## Task goal
Each line from the first entry to the line with "Auf dieser Marke", both included, is to be returned unchanged, with any pictures dropped.

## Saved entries
───

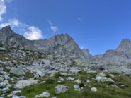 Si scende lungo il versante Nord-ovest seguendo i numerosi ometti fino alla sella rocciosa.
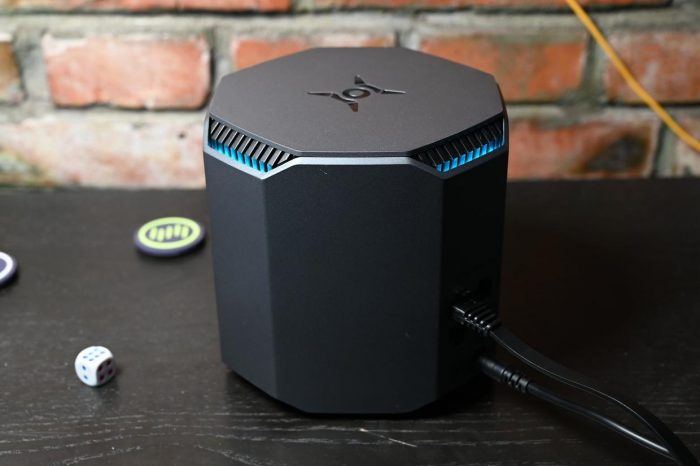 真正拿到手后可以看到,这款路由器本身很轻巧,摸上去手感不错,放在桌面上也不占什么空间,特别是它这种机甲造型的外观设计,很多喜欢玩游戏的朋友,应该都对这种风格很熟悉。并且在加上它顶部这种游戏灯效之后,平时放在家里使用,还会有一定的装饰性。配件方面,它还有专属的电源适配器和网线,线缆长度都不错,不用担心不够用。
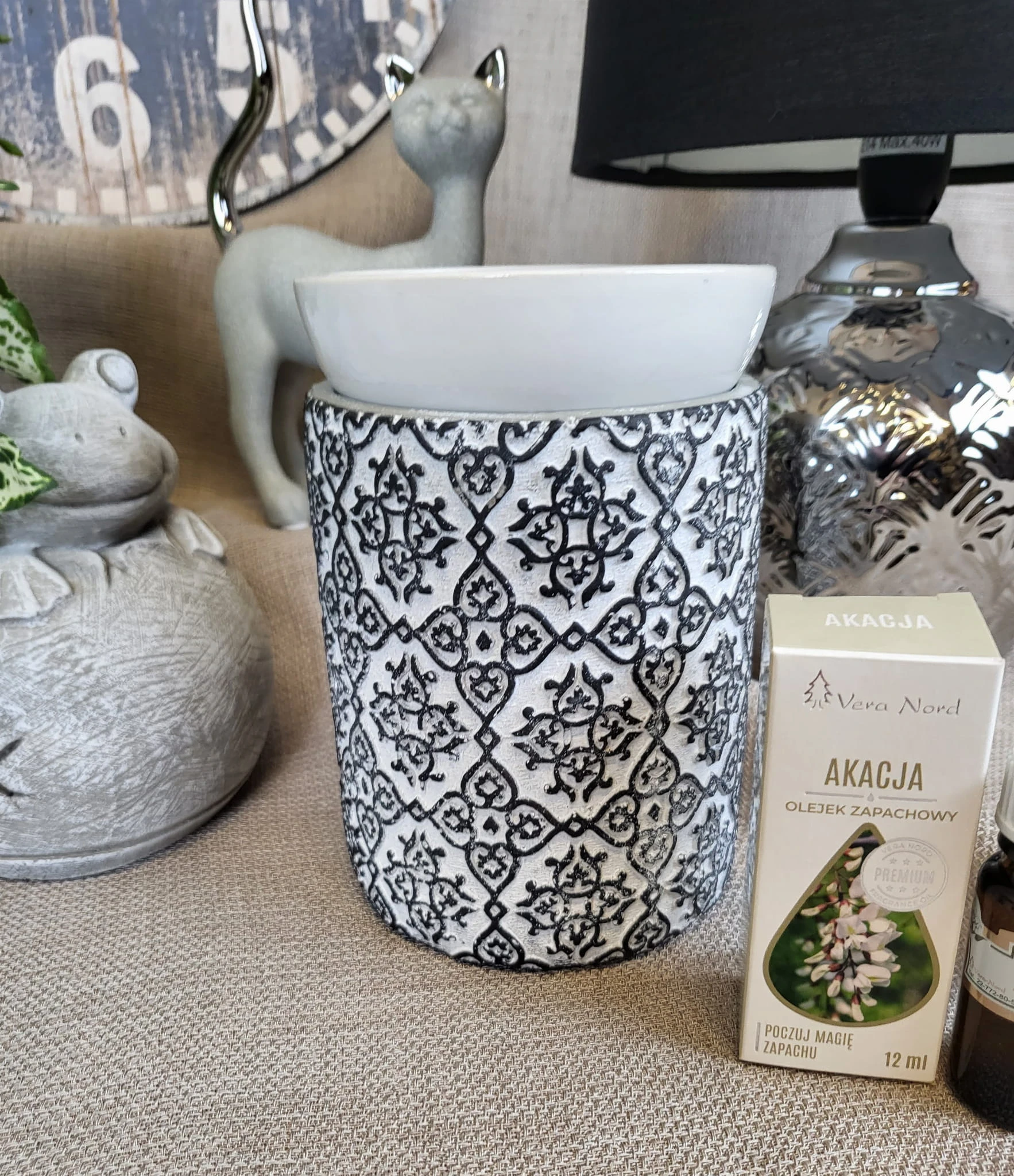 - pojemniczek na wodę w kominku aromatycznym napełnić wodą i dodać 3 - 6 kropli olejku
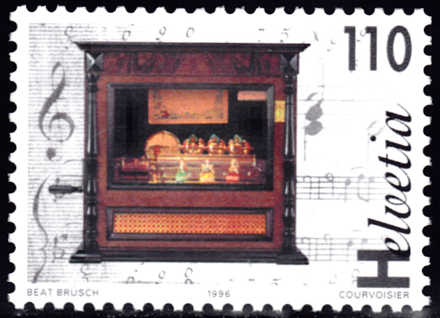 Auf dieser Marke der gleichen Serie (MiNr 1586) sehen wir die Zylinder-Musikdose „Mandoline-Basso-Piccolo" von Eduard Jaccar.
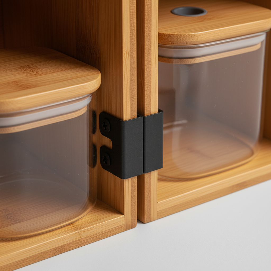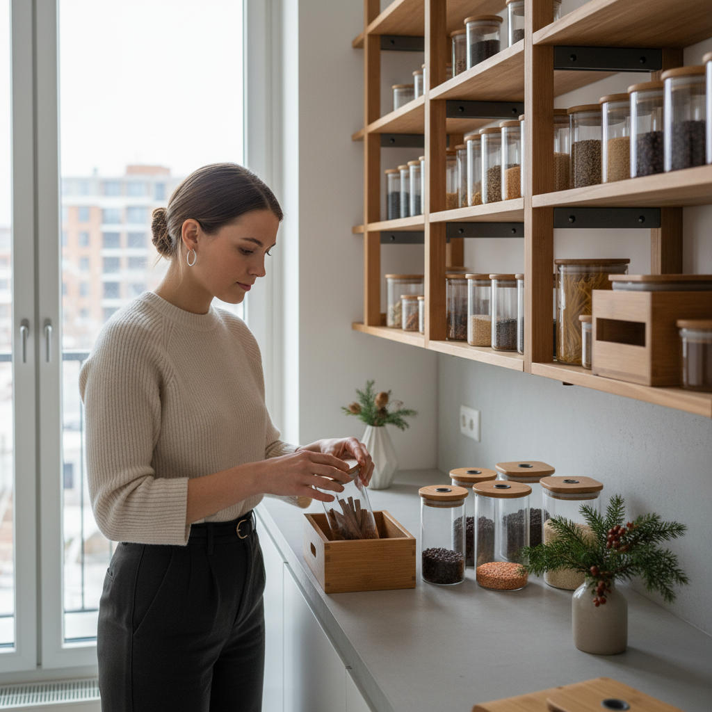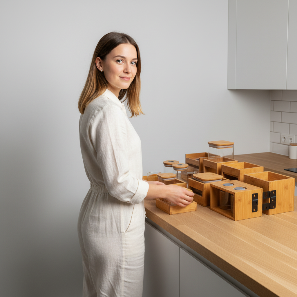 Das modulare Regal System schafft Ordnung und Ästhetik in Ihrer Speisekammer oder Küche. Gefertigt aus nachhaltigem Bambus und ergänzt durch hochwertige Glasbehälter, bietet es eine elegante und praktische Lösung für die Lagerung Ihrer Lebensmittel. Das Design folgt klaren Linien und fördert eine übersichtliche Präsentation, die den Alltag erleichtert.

───

## Result
 Si scende lungo il versante Nord-ovest seguendo i numerosi ometti fino alla sella rocciosa.
 真正拿到手后可以看到,这款路由器本身很轻巧,摸上去手感不错,放在桌面上也不占什么空间,特别是它这种机甲造型的外观设计,很多喜欢玩游戏的朋友,应该都对这种风格很熟悉。并且在加上它顶部这种游戏灯效之后,平时放在家里使用,还会有一定的装饰性。配件方面,它还有专属的电源适配器和网线,线缆长度都不错,不用担心不够用。
 - pojemniczek na wodę w kominku aromatycznym napełnić wodą i dodać 3 - 6 kropli olejku
 Auf dieser Marke der gleichen Serie (MiNr 1586) sehen wir die Zylinder-Musikdose „Mandoline-Basso-Piccolo" von Eduard Jaccar.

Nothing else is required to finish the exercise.